⟨

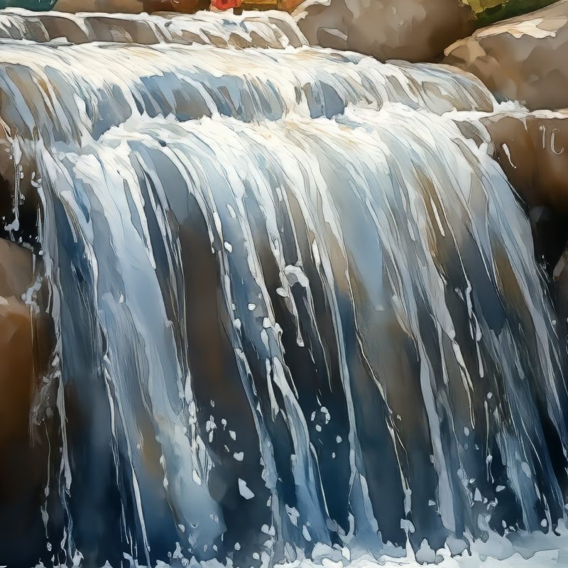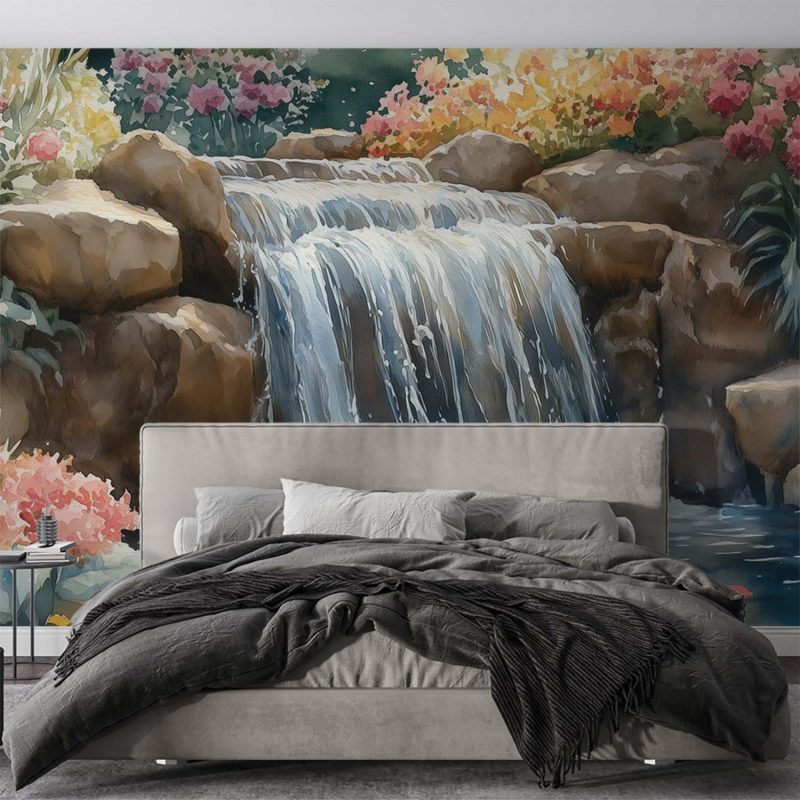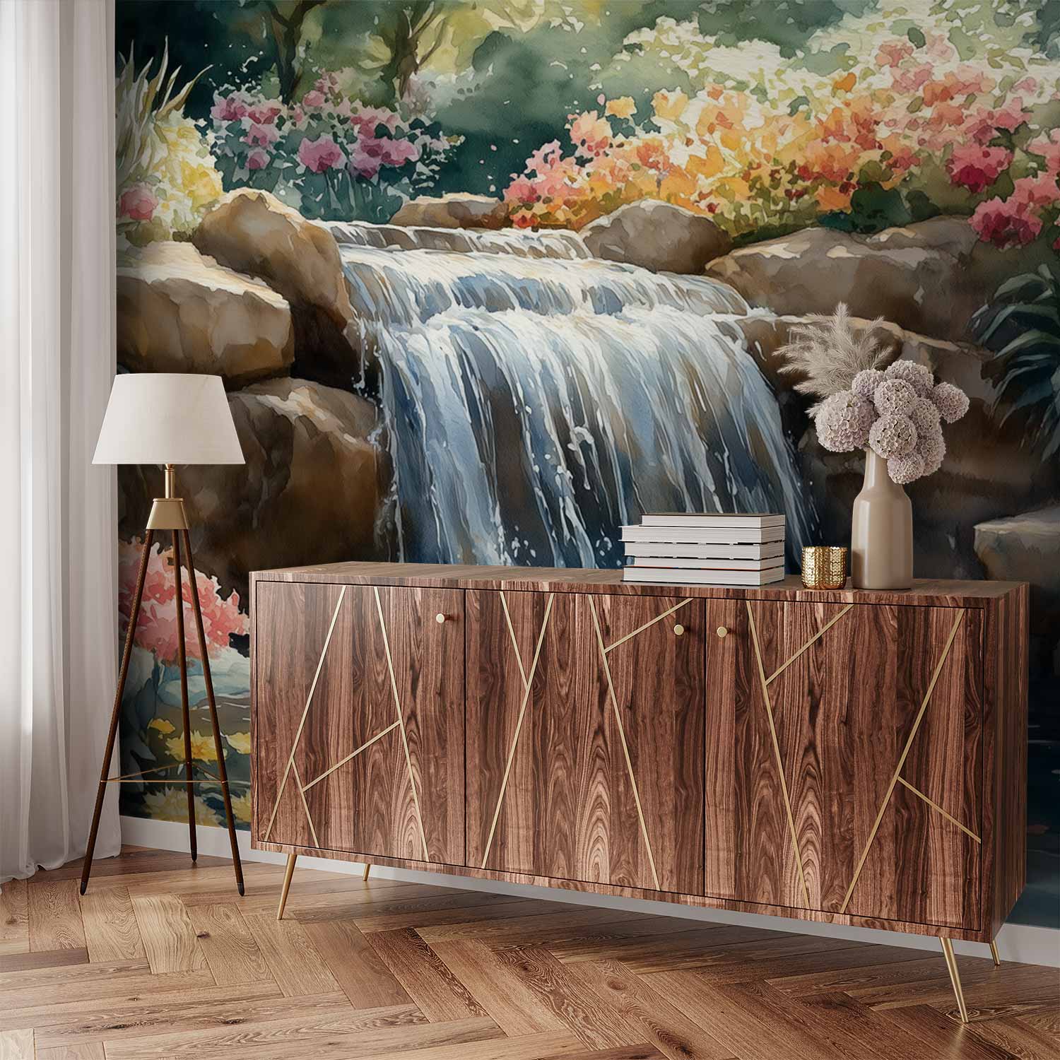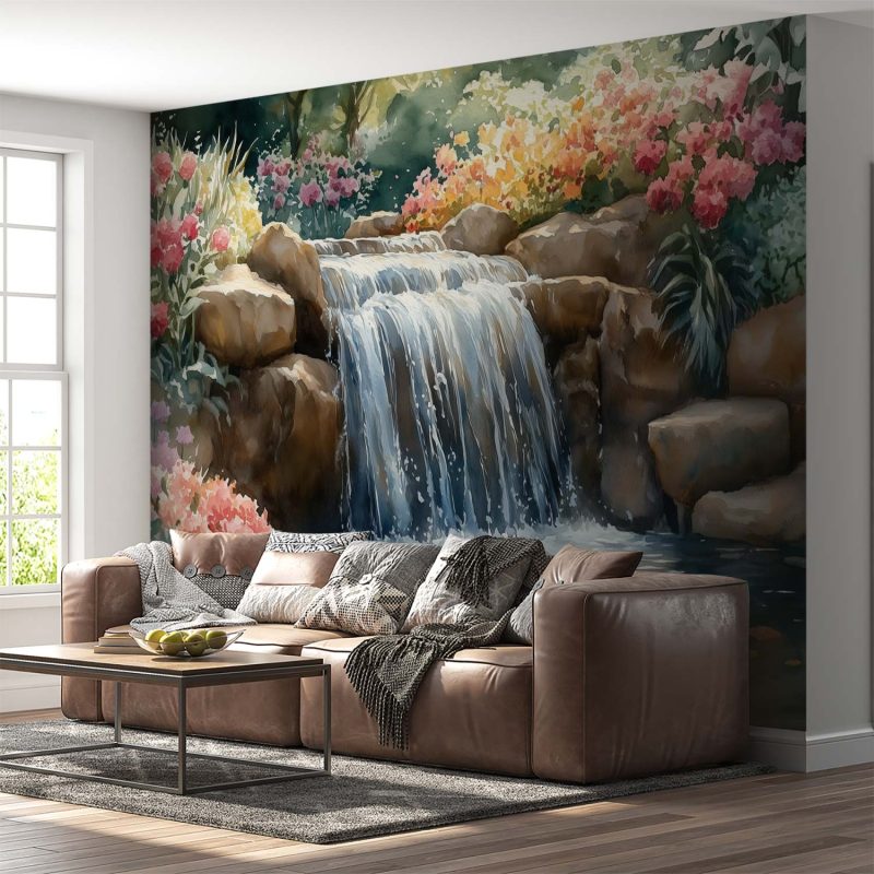 Ontwaakt een waterval vol leven, omringd door een weelderige bloemenzee in zachte blauwe, groene en roze tinten. Het water stroomt sereen tussen rotsen, terwijl levendige bloemen dansen in de bries. Brengt de rust en harmonie van de natuur naar binnen, perfect voor een ruimte waar ontspanning en kleurrijke elegantie samenkomen.
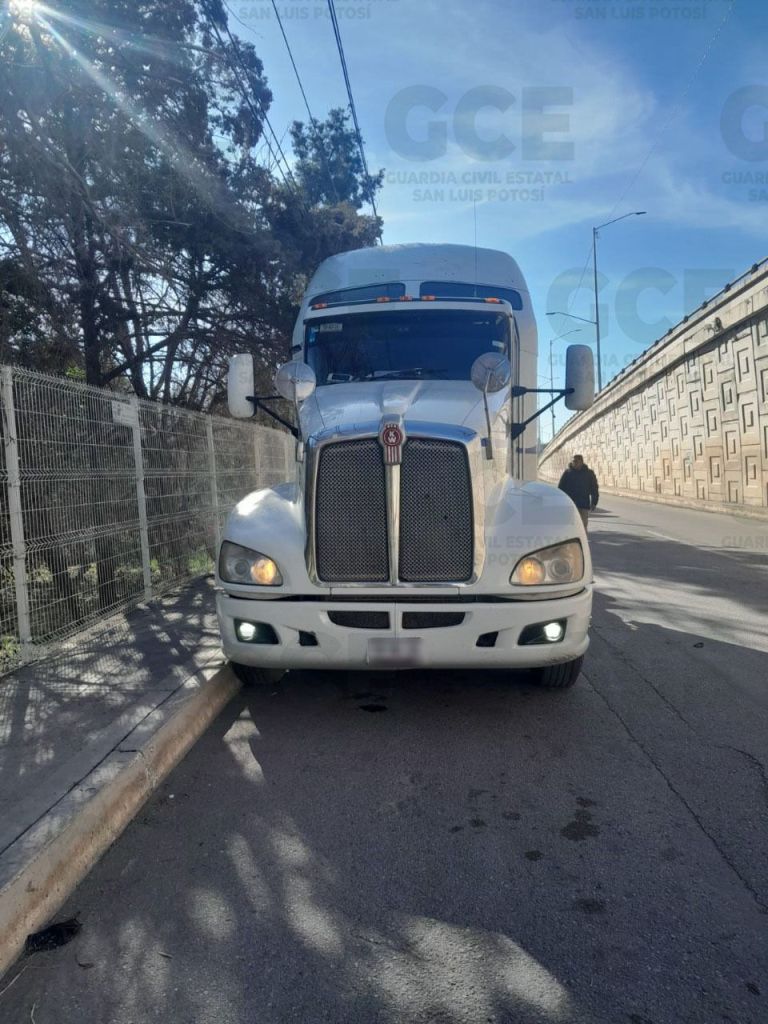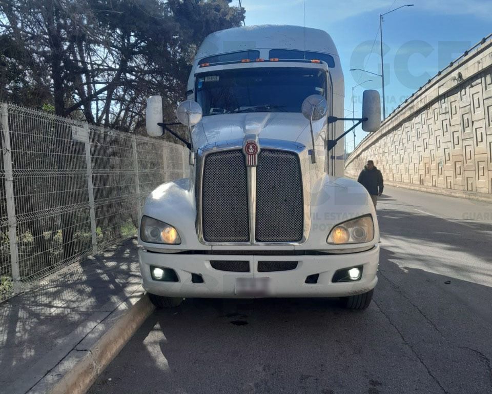 Sobre Anillo Periférico en la comunidad El Zapote, también en el municipio conurbado; se aseguró un tractocamión marca Kenworth, color blanco, modelo 2012. Contaba con reporte de robo el 30 de septiembre del año en curso.
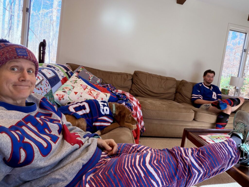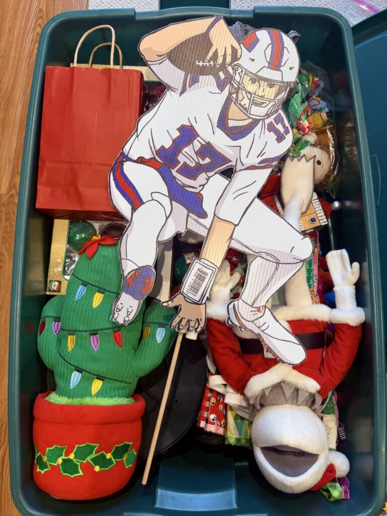 OF COURSE josh allen leaping over things is still our tree topper. it’s been quite a rollercoaster of a year for the bills, which has helped me temper my expectations. when they are good, they are so very good. but when they lose, it’s hard to imagine a playoff run. but we still go all out for every game with our gear and buffalo foods. 🙂

⟩

Word for word and without pictures, restate only the lines running from the one that contains "Sobre Anillo Periférico" through the last line of the listing above.

 Sobre Anillo Periférico en la comunidad El Zapote, también en el municipio conurbado; se aseguró un tractocamión marca Kenworth, color blanco, modelo 2012. Contaba con reporte de robo el 30 de septiembre del año en curso.
 OF COURSE josh allen leaping over things is still our tree topper. it’s been quite a rollercoaster of a year for the bills, which has helped me temper my expectations. when they are good, they are so very good. but when they lose, it’s hard to imagine a playoff run. but we still go all out for every game with our gear and buffalo foods. 🙂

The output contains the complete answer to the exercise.